The get out of bed at 4am thing is going to take a bit of getting used to though!
We've already lost a partner......Then there were three; one girl just stopped showing up. So she's obviously not interested; oh well, more money for us that way!
My university interview is tomorrow. I'm a bit nervous only because I don't know what to expect. I know it'll be fine. I think I've fulfilled all the portfolio requirements; and I've written out questions to ask so I won't be sitting there like a stunned mullet the entire time. When I'm nervous, my mind goes blank......writting things down seems to help a lot. So does admitting I'm nervous.
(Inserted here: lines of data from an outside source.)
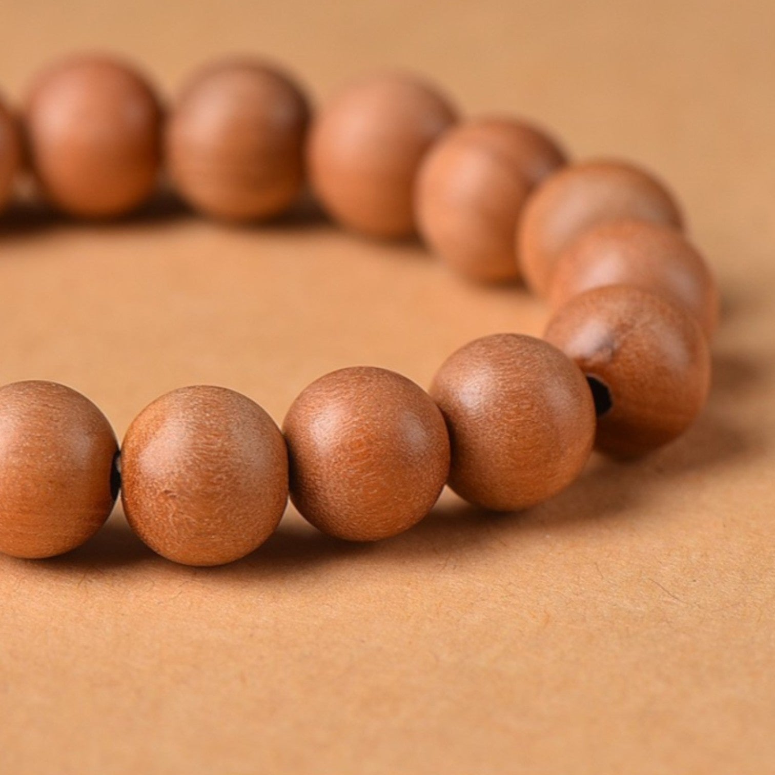 Each bead is subtly unique, bearing the natural grain and scent of real peach wood. Lightweight and soft against the skin, it offers a comforting, unobtrusive presence throughout the day.
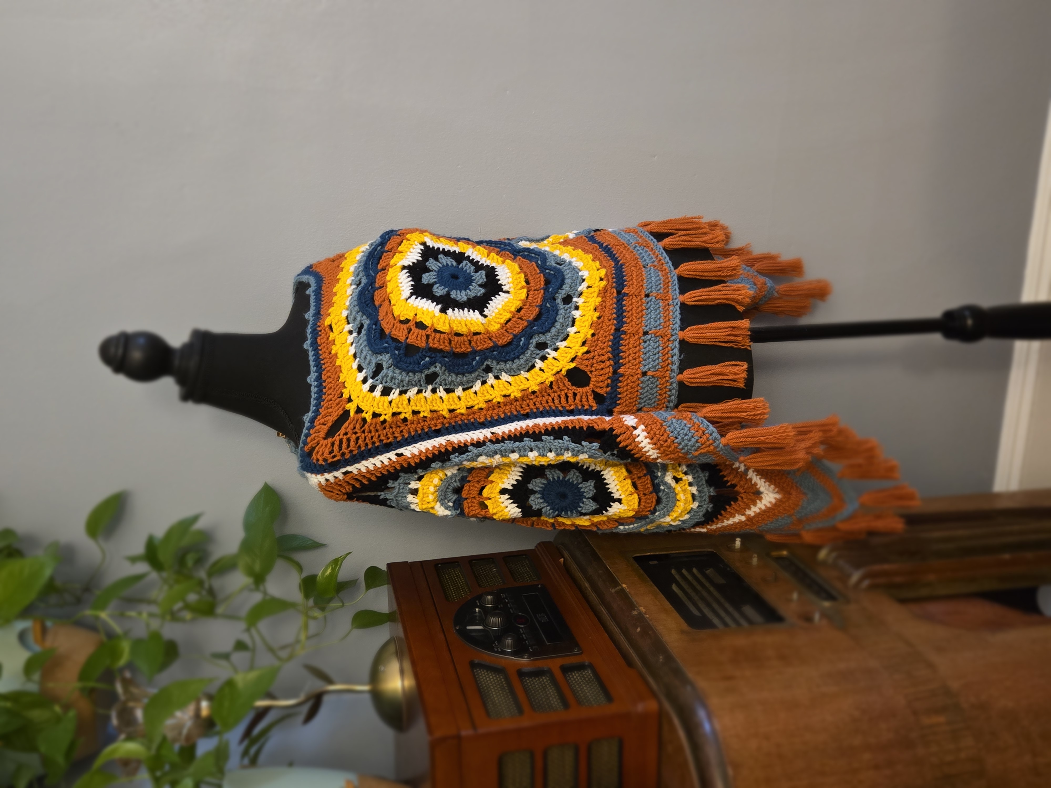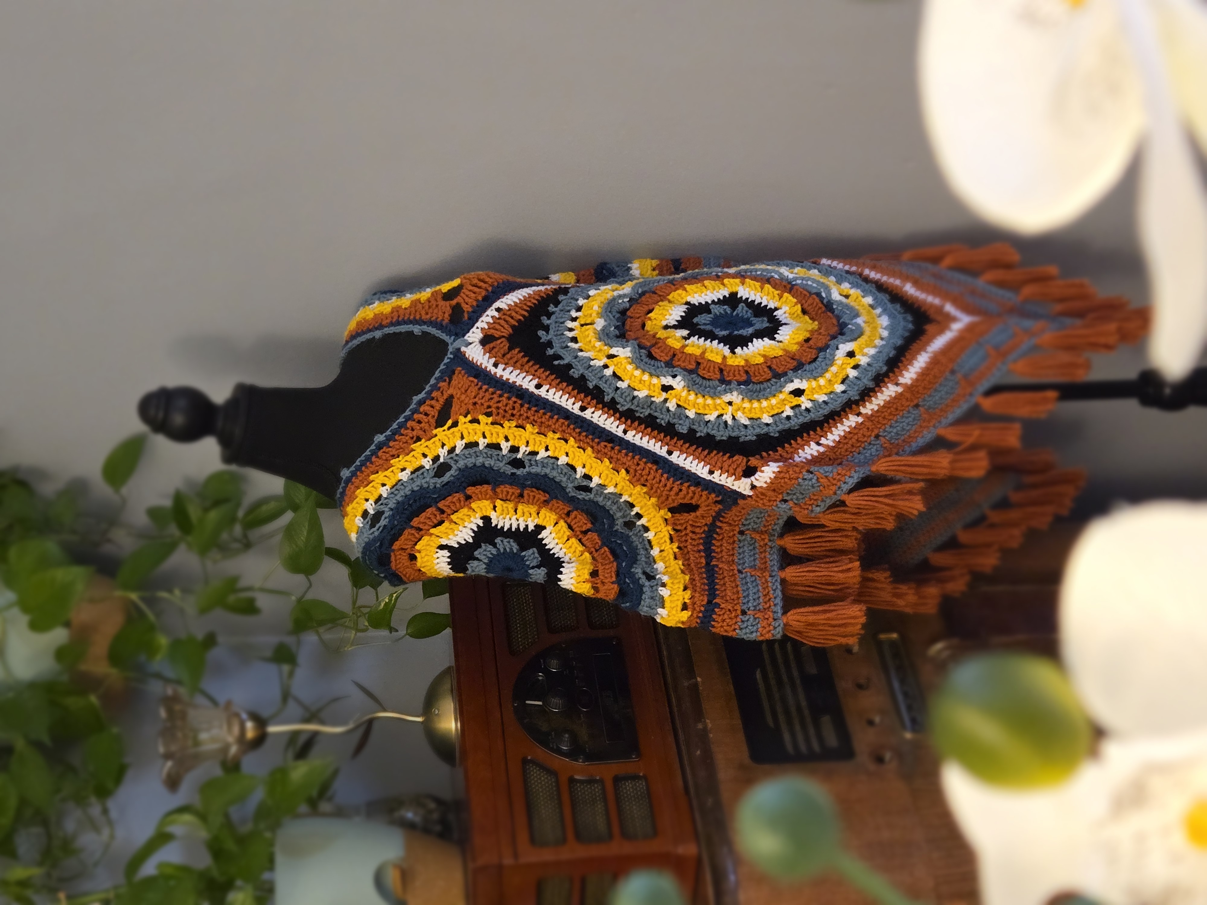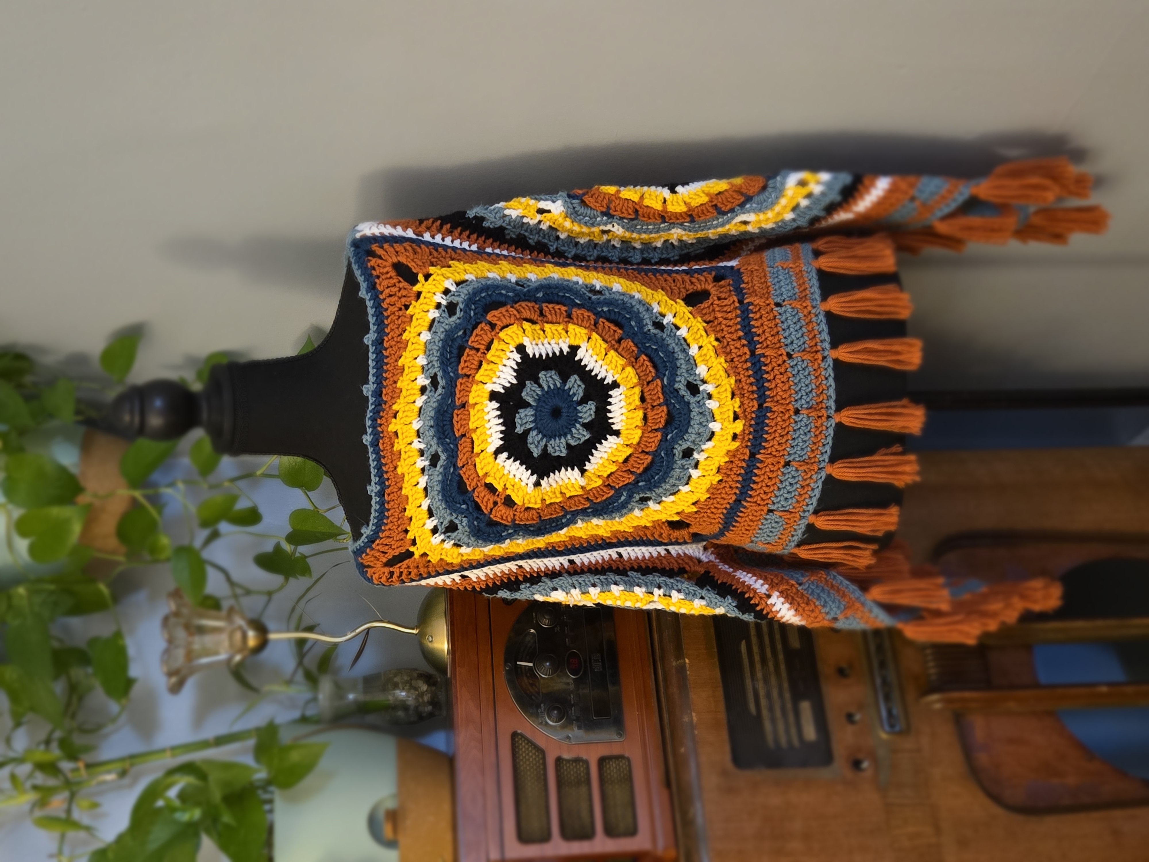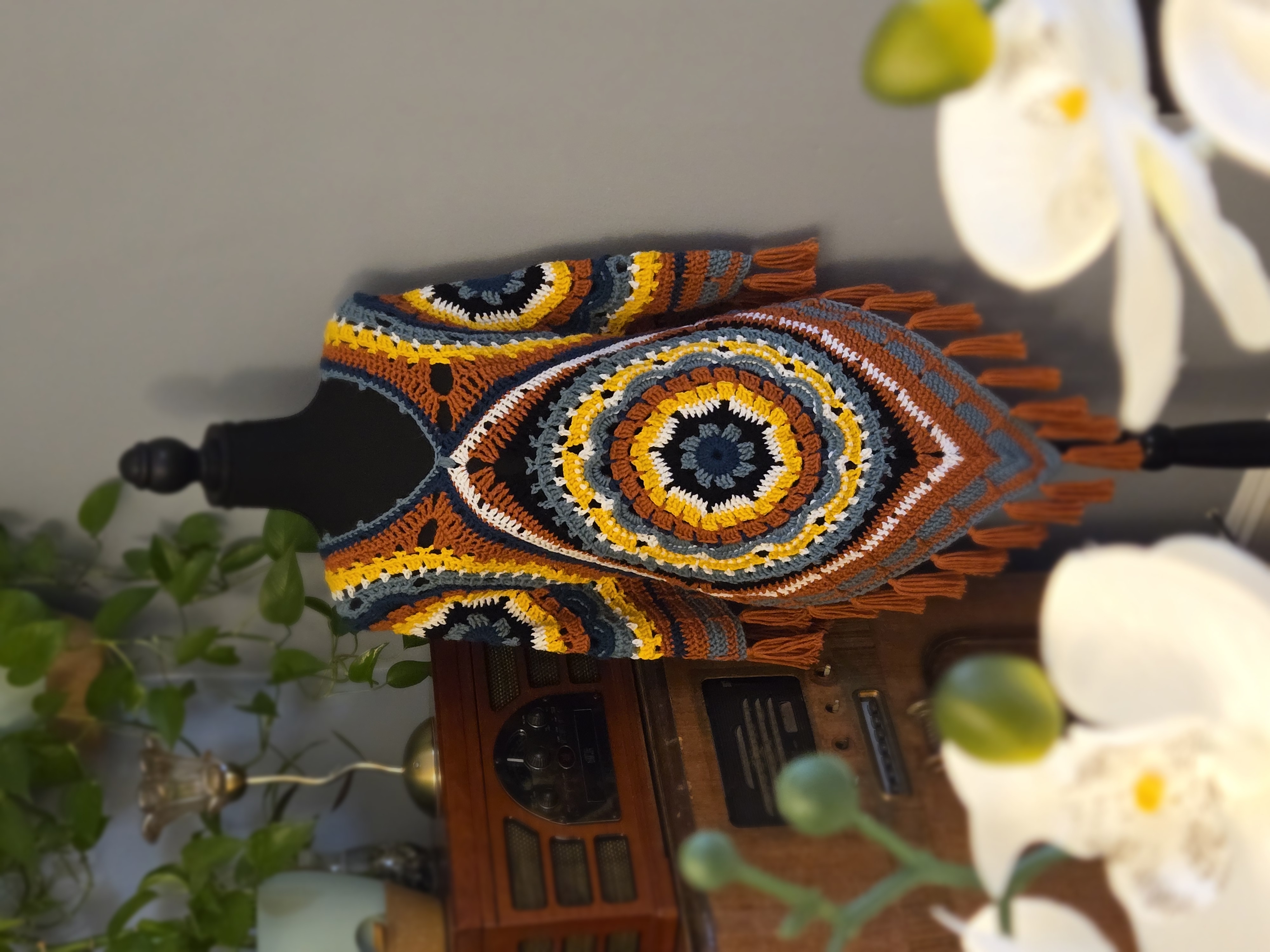 Handmade Crochet Poncho can be worn two ways. Has a medium weight thickness. One of a kind with a flower mandala pattern in the centers.
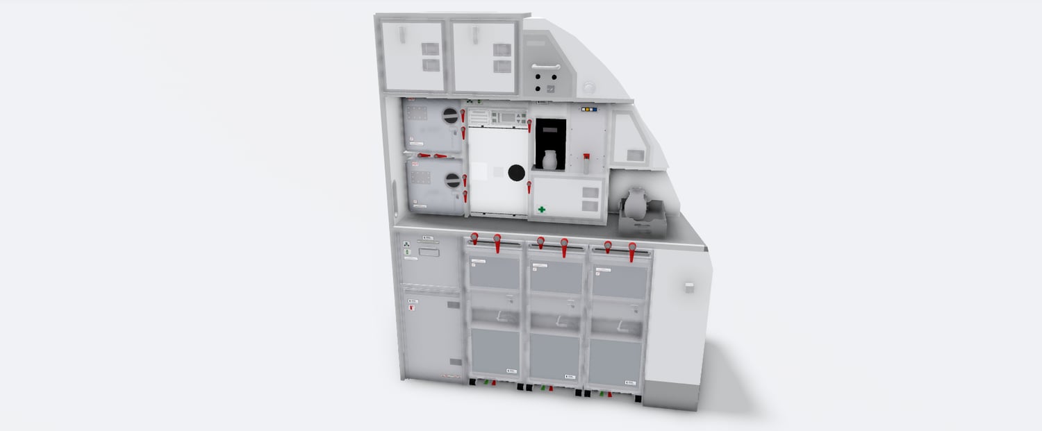 This detailed, realistic aircraft galley model replicates the layout and functionality of in-flight kitchen spaces. Fully customizable, it includes storage units, equipment, and compartments, perfect for any airline or aircraft.

I'm feeling lonely at the moment. I don't like how I am around people. I have nothing to talk about. Conversation does not flow for me like it seems to for other people. I have to try really hard to grasp at things to say...But then verbal diahorrea (sp?) is no good either. Is it bad to not know how to partake in idle chit-chat? I think it might be. I'm boring and I'm turning into my Mother. Not that she's boring, she's just not me. My Mother trys to fly out of my mouth so I stop myself then can't think of anything to say. I'm losing myself.......
I'm ramb'ling. Me, my, I...... Can I use a sentence that's not in the first person. I don't think I can.... And gosh dern it! I seem to have got off the train at woe-is-me in Loserville tonight!
My life is good for these reasons: I'm making money doing something I enjoy I live in a country whose society allows me to express myself however I see fit, with a minimum of trouble I've made two new friends who seem like wonderful people I'm wearing my favourite pants It's raining and I have a tin roof for it to fall on I'm never hungry for very long I can laugh at myself (when I'm not crying into my beer) I can make choices
My parents are going back to The States to visit our family in about 10 days or so. I wish I was going, but alas, funds do not allow it so instead I get the house to myself for a month. This is almost as good....... well not even close, but I'm running with it anyway.... My grandparents are getting older; both my Mums parents have dealt with cancer this year, and my Fathers Father has had heart trouble and other health problems. I'm scared that by the time I have enough money to visit them again it will be too late. I'd like to live over there for at least a year. I want to know my family as people rather than just voices on the telephone...... I'm going to start saving money with that in mind. Uni is three years, so maybe 2007 is a good time frame to stick to...I'll have to think about that a more.